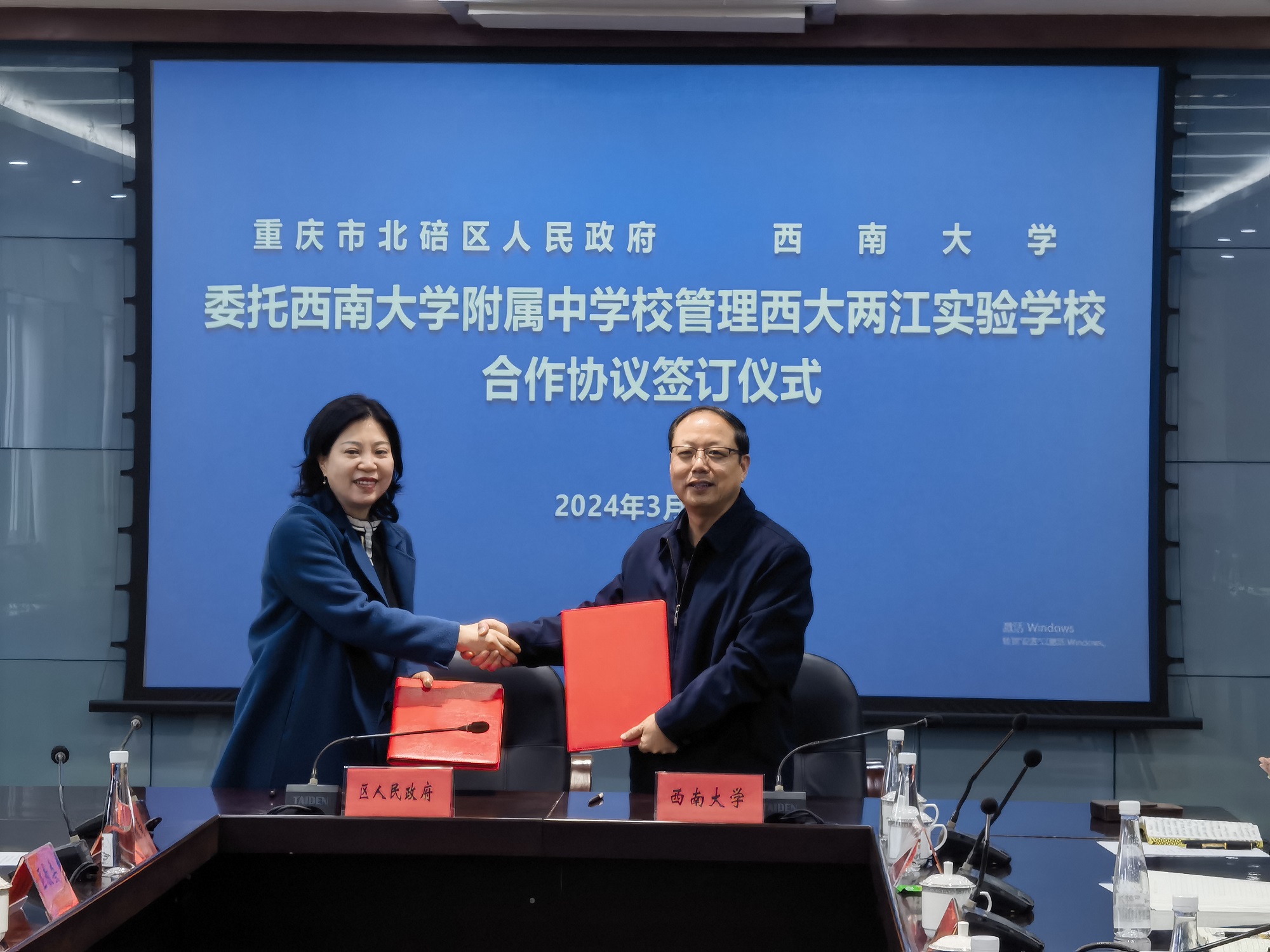 随后,双方在北碚区政府召开委托beat365在线唯一官网登录附属中学校管理西大两江实验学校合作协议签约仪式。签约仪式上,双方介绍了合作及西大两江实验学校基本情况,并表示将大力支持学校优质快速发展。
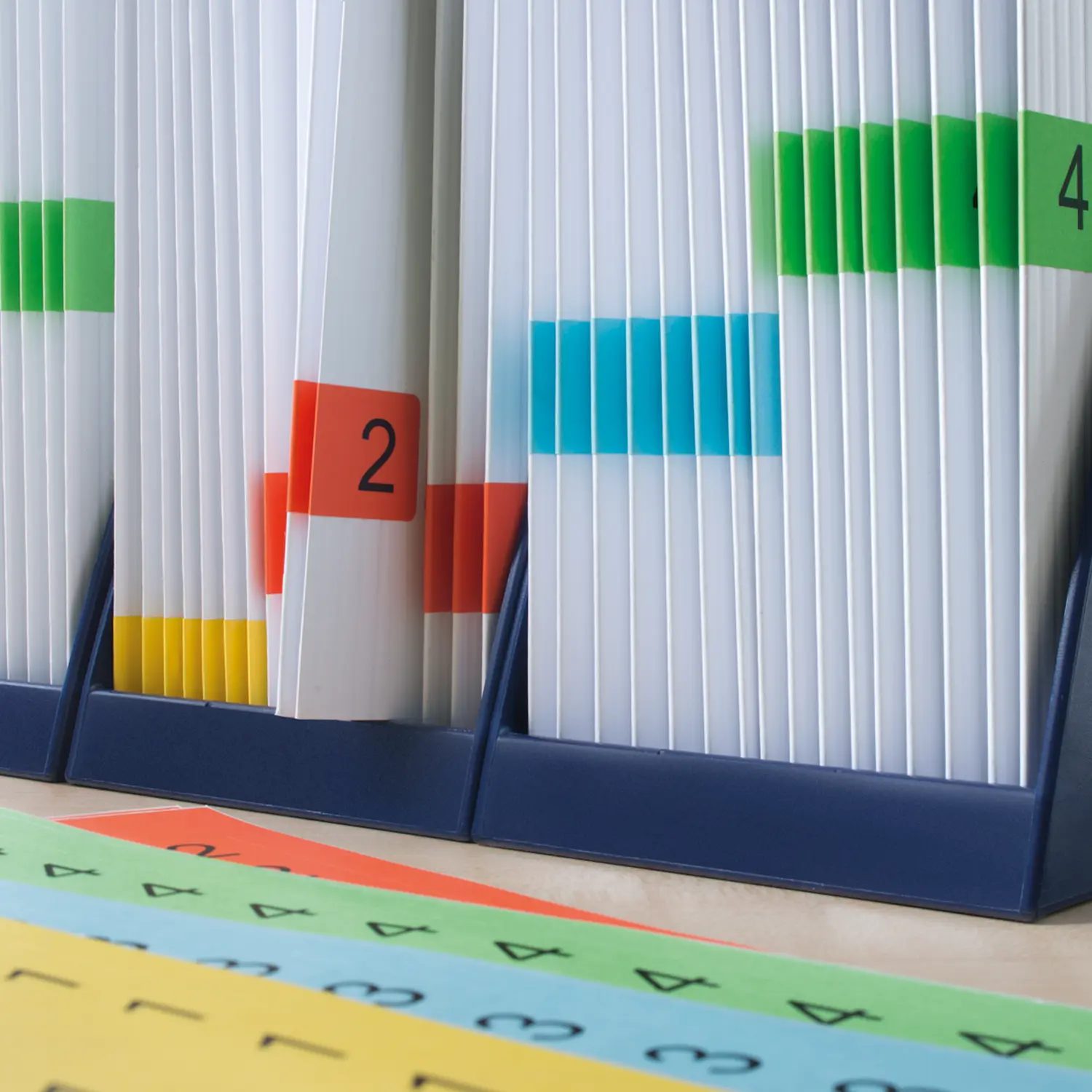 - Gekleurde etiketten zorgen voor orde en overzicht, ideaal ook voor het benadrukken van belangrijke informatie
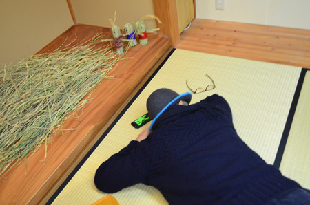 (ぶつぶつ言いながら寝転がる) |
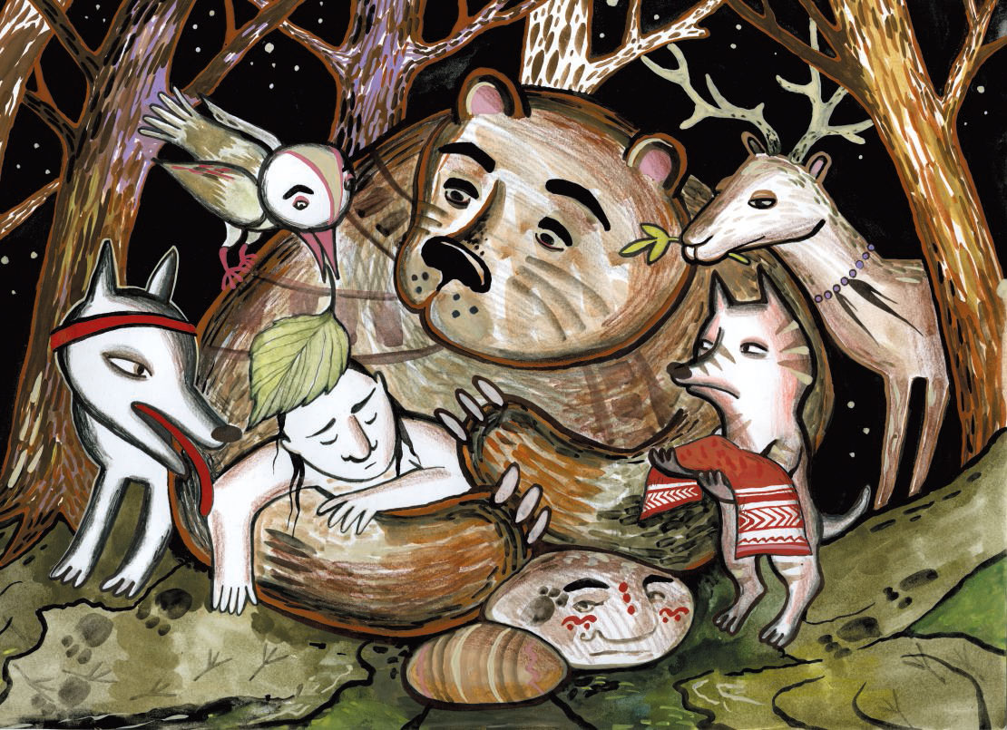 Давно ушёл из дому Синяя Родинка, и старуха мать решила пустить по следу его любимцев – ворона и сороку. Полетели они и вскоре вернулись с крошечным кусочком его тела. Старуха бережно положила его на постель сына и прикрыла шкурой. Потом вышла из палатки, раскурила трубку и промолвила:
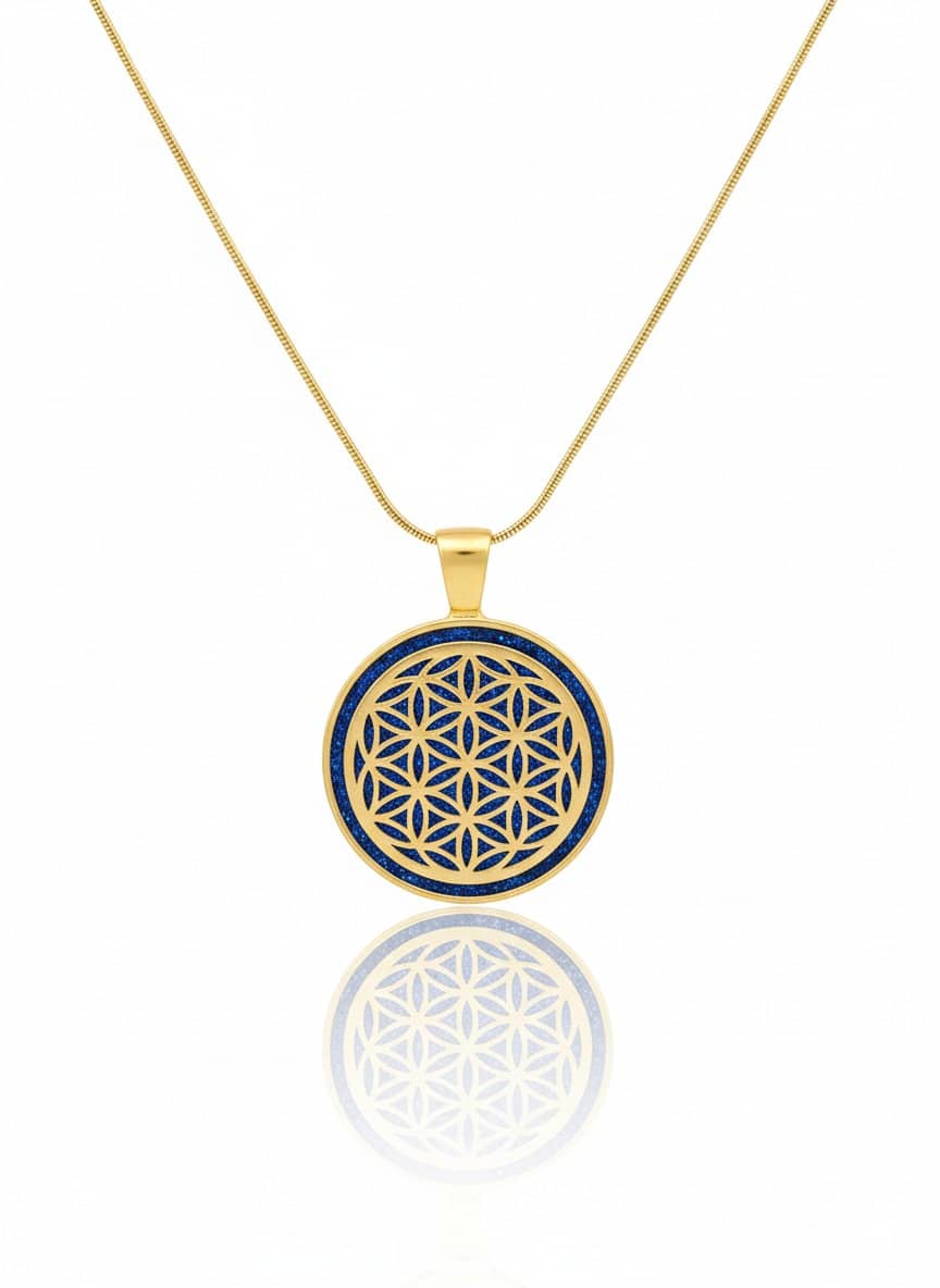 Collier Fleur de Vie bleu « Rayonnement Intérieur » en acier inoxydable, sublimé par un fond bleu pailleté et disponible en finition argentée ou dorée.
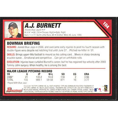This is a 2007 Bowman Gold A.J. Burnett baseball card. The card is #104 and pictures show condition.
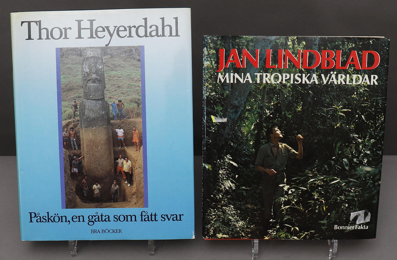 Mina Tropiska världar, Jan Lindblad, 1984, 140 pp. Easter island, a riddle that got an answer, Thor Heyerdahl, 1989, 256 pp. Utterliv, Kenneth Johansson & Anna Roos, 2008. 144 p.
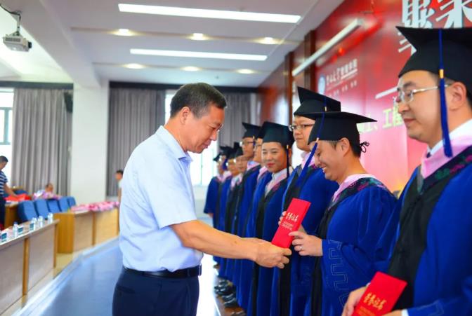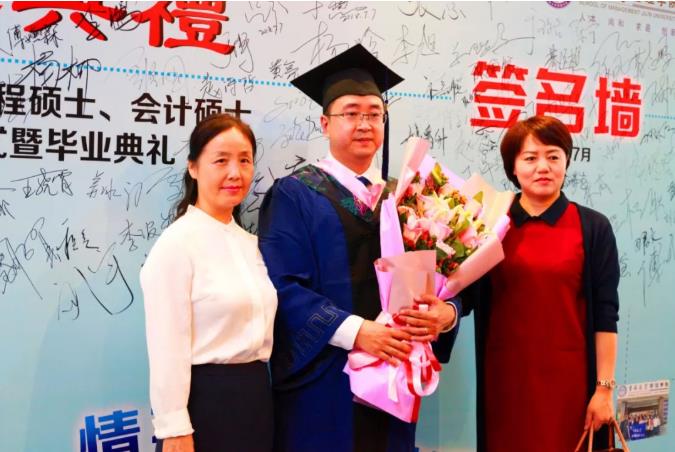典礼进行第三项:经年花开,回忆流年。首先,在制作精美的视频短片中,同学回顾了两年来在管理公司学习与生活的点滴过往和欢声笑语。继而,毕业生代表2016级工商管理硕士马涛发表毕业感言,马涛同学分享了专业学位研究生的“兼得的哲学”,回忆了追求“工作和学习兼得、学习和生活兼得”过程中的收获与成长,对认真给予同学们指导和帮助的导师们表示真切的谢意。接下来,各系主任和系书记作为教师代表为毕业生们送上毕业寄语。老师们鼓励同学们在今后的人生道路上继续奋勇前行,追求卓越,开拓创新,成为商业模式创造者和引领者。老师们的谆谆教诲与殷切期望使员工们再一次感受到师恩如山,怀着深深的敬意,2018届MBA毕业生代表王铁、王柏松为公司献礼,张兴林书记、赵树宽经理代表公司共同接受了这座领航舵,并表示公司必将承载同学们的信任驾风远航。
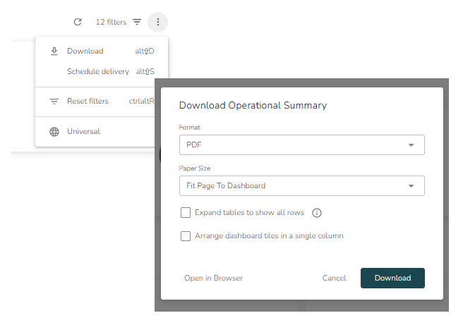 You can download full dashboards in PDF and CSV formats, or singular tiles in a choice of TXT, Excel, CSV, JSON, HTML, Markdown, or PNG formats.
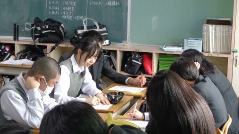 今日は「生活とお金との関わりについて考えよう」をテーマにグループで考えています。
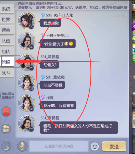 各位大侠们 游戏还可以在跨服天哦,你可以在跨服区域结交不同服的美女,帅哥哦!
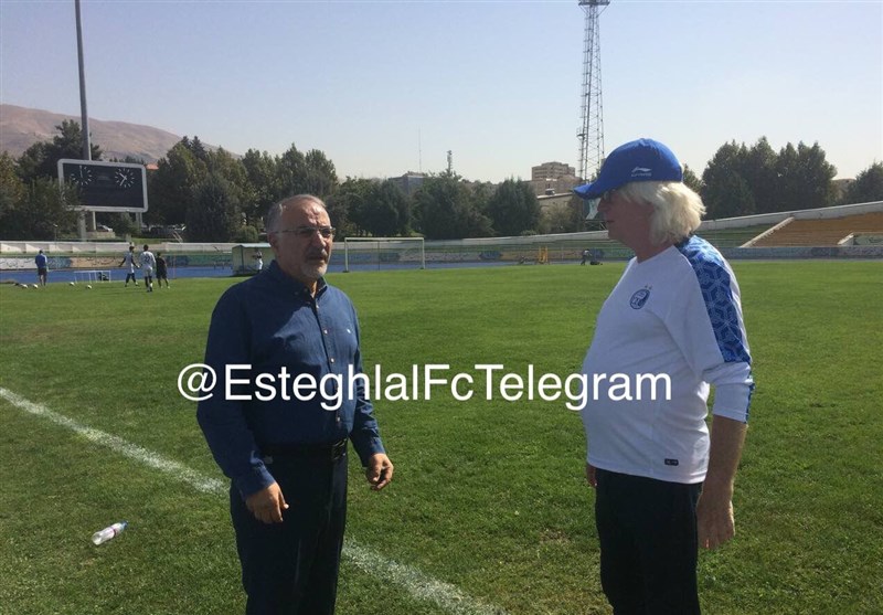 * وینفرد شفر و اصغر حاجیلو در حاشیه تمرین دقایقی با هم صحبت کردند.

++++++++++

§ ACTIVITY
Among the entries above, find the line with "典礼进行第三项:经年花开,回" and repeat exactly from there through the line with "You can download", leaving out the pictures.

§ TASK OUTPUT
典礼进行第三项:经年花开,回忆流年。首先,在制作精美的视频短片中,同学回顾了两年来在管理公司学习与生活的点滴过往和欢声笑语。继而,毕业生代表2016级工商管理硕士马涛发表毕业感言,马涛同学分享了专业学位研究生的“兼得的哲学”,回忆了追求“工作和学习兼得、学习和生活兼得”过程中的收获与成长,对认真给予同学们指导和帮助的导师们表示真切的谢意。接下来,各系主任和系书记作为教师代表为毕业生们送上毕业寄语。老师们鼓励同学们在今后的人生道路上继续奋勇前行,追求卓越,开拓创新,成为商业模式创造者和引领者。老师们的谆谆教诲与殷切期望使员工们再一次感受到师恩如山,怀着深深的敬意,2018届MBA毕业生代表王铁、王柏松为公司献礼,张兴林书记、赵树宽经理代表公司共同接受了这座领航舵,并表示公司必将承载同学们的信任驾风远航。
 You can download full dashboards in PDF and CSV formats, or singular tiles in a choice of TXT, Excel, CSV, JSON, HTML, Markdown, or PNG formats.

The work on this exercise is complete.